[Saved data entries]
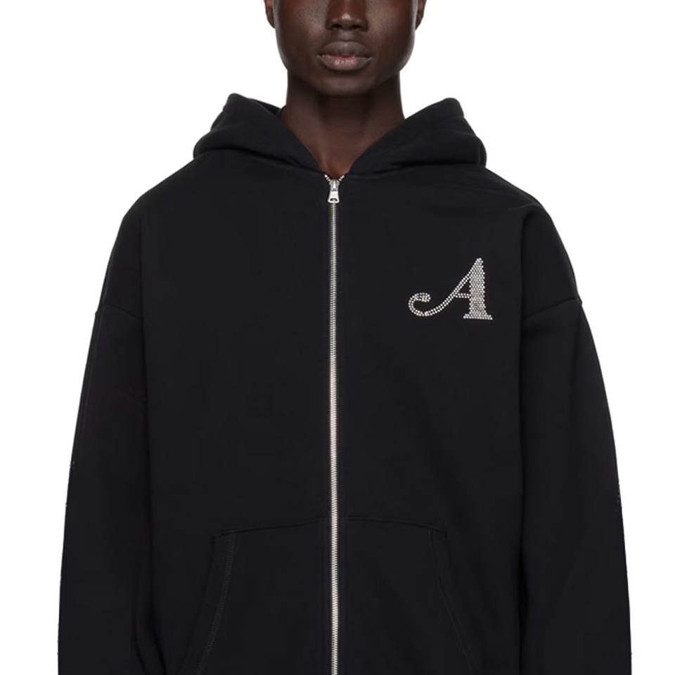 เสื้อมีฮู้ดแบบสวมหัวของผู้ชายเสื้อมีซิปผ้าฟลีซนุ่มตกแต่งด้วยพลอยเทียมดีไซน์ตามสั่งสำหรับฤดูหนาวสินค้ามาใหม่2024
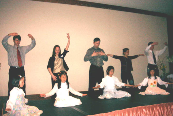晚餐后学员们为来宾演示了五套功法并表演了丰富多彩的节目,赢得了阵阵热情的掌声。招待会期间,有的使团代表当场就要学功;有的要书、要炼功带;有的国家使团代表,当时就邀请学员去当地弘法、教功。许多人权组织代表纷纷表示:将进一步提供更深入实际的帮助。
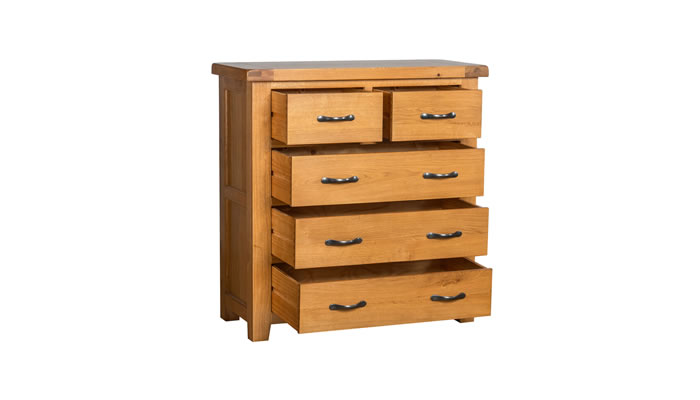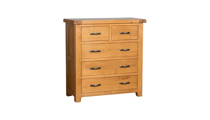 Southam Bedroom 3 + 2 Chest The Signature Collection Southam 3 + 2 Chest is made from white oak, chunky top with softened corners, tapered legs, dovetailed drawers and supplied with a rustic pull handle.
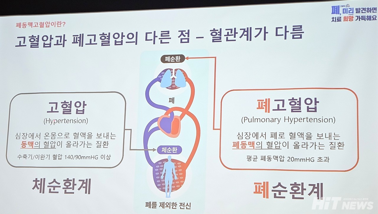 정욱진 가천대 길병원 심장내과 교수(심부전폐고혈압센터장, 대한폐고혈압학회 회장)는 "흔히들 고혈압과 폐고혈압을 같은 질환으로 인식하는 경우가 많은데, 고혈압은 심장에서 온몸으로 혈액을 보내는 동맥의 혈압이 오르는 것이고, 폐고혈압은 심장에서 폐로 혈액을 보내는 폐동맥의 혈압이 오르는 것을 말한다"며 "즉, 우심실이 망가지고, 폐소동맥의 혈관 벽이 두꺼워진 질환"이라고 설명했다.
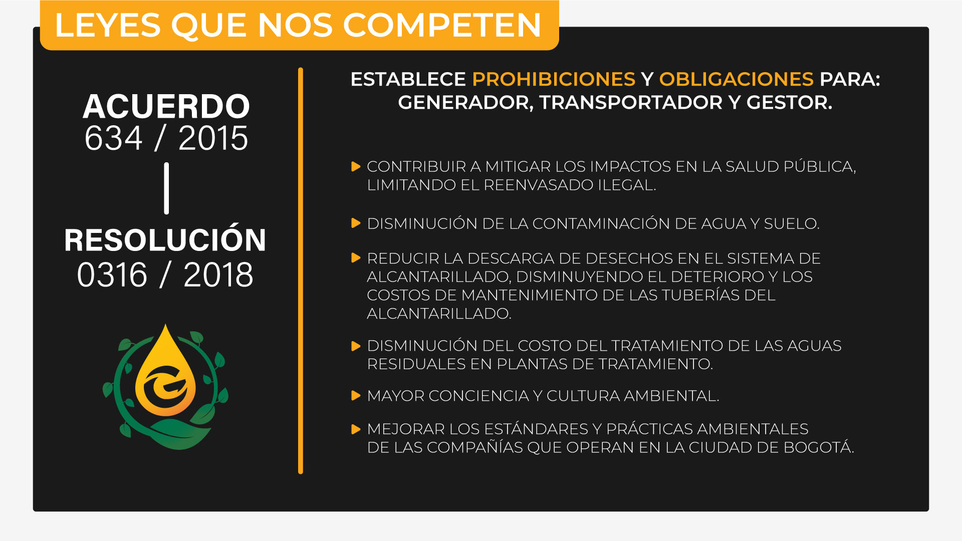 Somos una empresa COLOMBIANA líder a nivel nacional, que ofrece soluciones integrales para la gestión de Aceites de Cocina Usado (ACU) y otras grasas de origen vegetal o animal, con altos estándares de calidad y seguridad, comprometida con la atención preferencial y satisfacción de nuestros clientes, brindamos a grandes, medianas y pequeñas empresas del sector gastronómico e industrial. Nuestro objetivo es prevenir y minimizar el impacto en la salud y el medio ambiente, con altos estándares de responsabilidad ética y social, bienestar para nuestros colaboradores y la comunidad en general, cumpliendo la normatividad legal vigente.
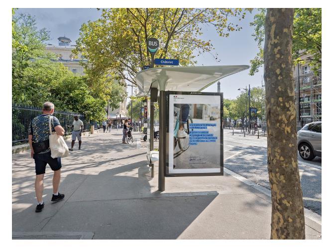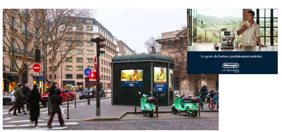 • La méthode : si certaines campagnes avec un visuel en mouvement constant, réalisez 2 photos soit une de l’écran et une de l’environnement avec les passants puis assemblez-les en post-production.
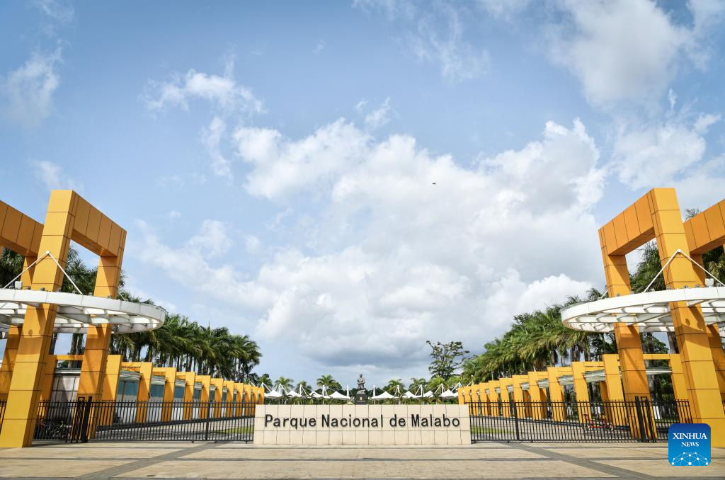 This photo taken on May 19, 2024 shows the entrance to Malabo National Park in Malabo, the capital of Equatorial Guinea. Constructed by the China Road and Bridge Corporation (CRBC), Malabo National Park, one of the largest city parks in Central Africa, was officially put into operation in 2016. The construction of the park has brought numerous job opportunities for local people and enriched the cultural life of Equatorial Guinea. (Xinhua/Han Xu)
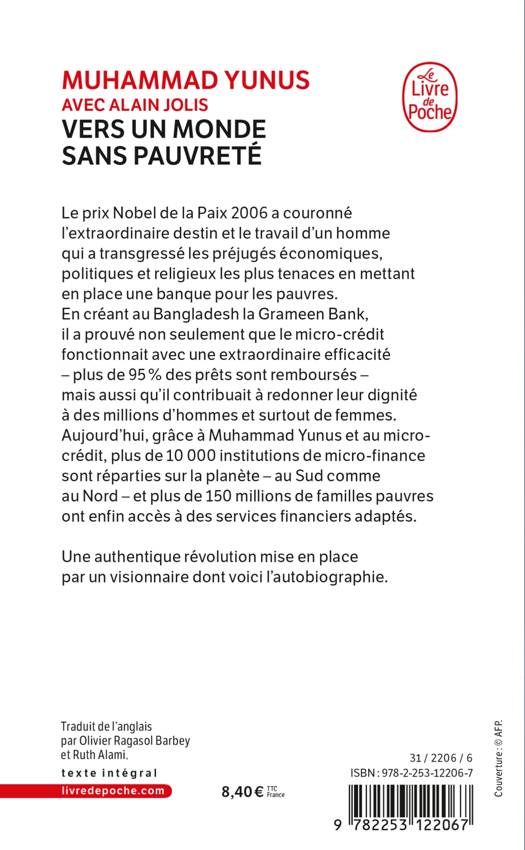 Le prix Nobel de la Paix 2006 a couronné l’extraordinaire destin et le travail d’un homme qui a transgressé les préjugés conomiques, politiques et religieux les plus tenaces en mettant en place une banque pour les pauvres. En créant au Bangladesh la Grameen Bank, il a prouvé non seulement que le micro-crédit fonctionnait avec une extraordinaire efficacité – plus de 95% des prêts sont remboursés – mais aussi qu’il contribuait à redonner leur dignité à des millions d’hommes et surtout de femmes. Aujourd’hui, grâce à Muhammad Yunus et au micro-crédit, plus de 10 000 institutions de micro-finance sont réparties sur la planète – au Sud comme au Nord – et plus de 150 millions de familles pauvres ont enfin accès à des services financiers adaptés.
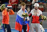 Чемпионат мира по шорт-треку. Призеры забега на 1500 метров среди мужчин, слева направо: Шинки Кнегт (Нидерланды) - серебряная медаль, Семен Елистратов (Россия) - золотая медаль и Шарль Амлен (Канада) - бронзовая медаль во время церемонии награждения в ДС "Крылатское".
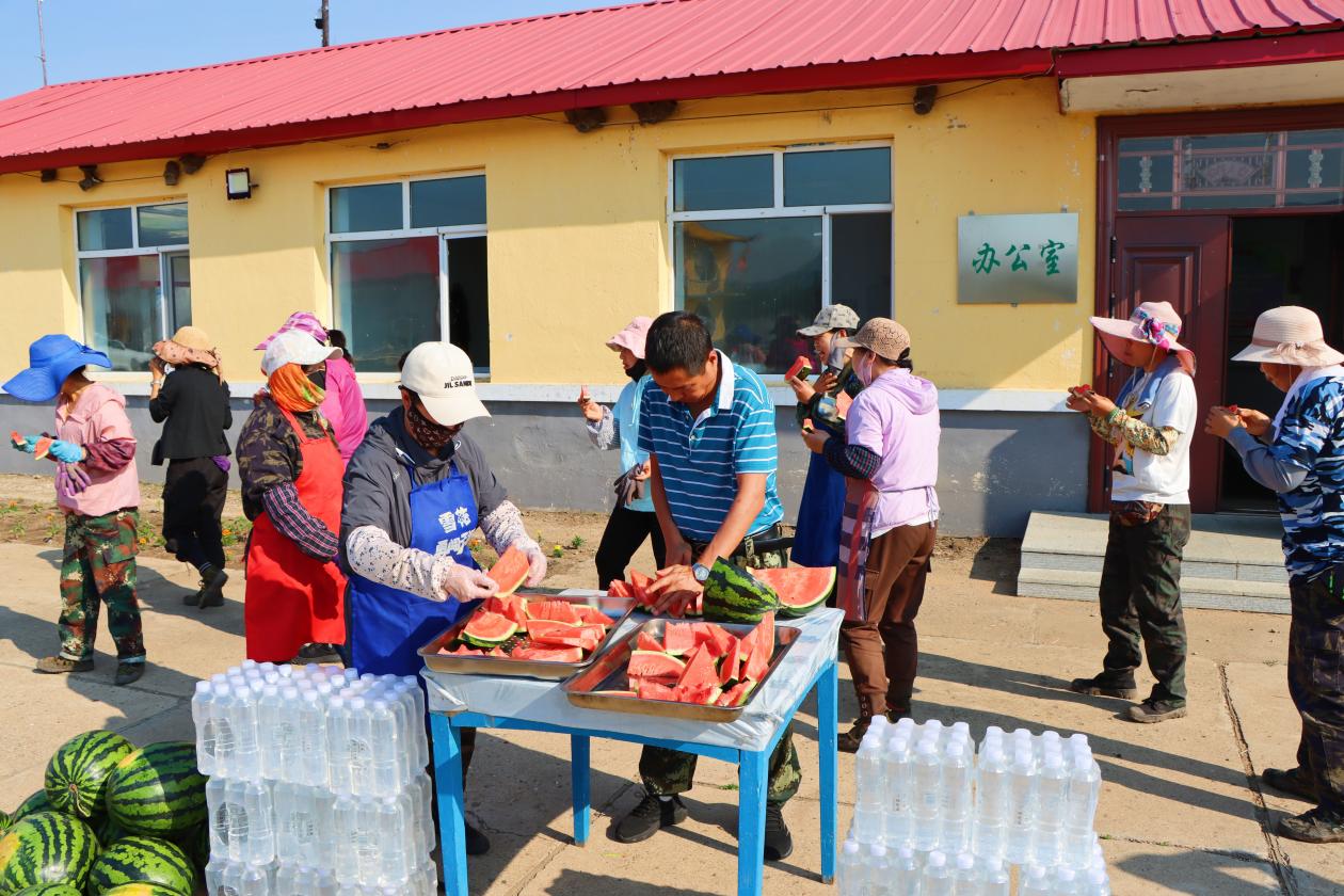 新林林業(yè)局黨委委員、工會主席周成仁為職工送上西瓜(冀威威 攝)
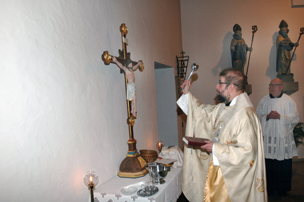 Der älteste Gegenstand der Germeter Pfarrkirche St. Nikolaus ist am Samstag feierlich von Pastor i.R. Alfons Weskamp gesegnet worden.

#### [THE TASK]
Those lines of the records above that run from the one containing "晚餐后学员们为来宾演示了五套" through the one containing "정욱진 가천대 길병원" should be returned exactly, with no pictures among them.

#### [SOLUTION TO THIS PROBLEM]
晚餐后学员们为来宾演示了五套功法并表演了丰富多彩的节目,赢得了阵阵热情的掌声。招待会期间,有的使团代表当场就要学功;有的要书、要炼功带;有的国家使团代表,当时就邀请学员去当地弘法、教功。许多人权组织代表纷纷表示:将进一步提供更深入实际的帮助。
 Southam Bedroom 3 + 2 Chest The Signature Collection Southam 3 + 2 Chest is made from white oak, chunky top with softened corners, tapered legs, dovetailed drawers and supplied with a rustic pull handle.
 정욱진 가천대 길병원 심장내과 교수(심부전폐고혈압센터장, 대한폐고혈압학회 회장)는 "흔히들 고혈압과 폐고혈압을 같은 질환으로 인식하는 경우가 많은데, 고혈압은 심장에서 온몸으로 혈액을 보내는 동맥의 혈압이 오르는 것이고, 폐고혈압은 심장에서 폐로 혈액을 보내는 폐동맥의 혈압이 오르는 것을 말한다"며 "즉, 우심실이 망가지고, 폐소동맥의 혈관 벽이 두꺼워진 질환"이라고 설명했다.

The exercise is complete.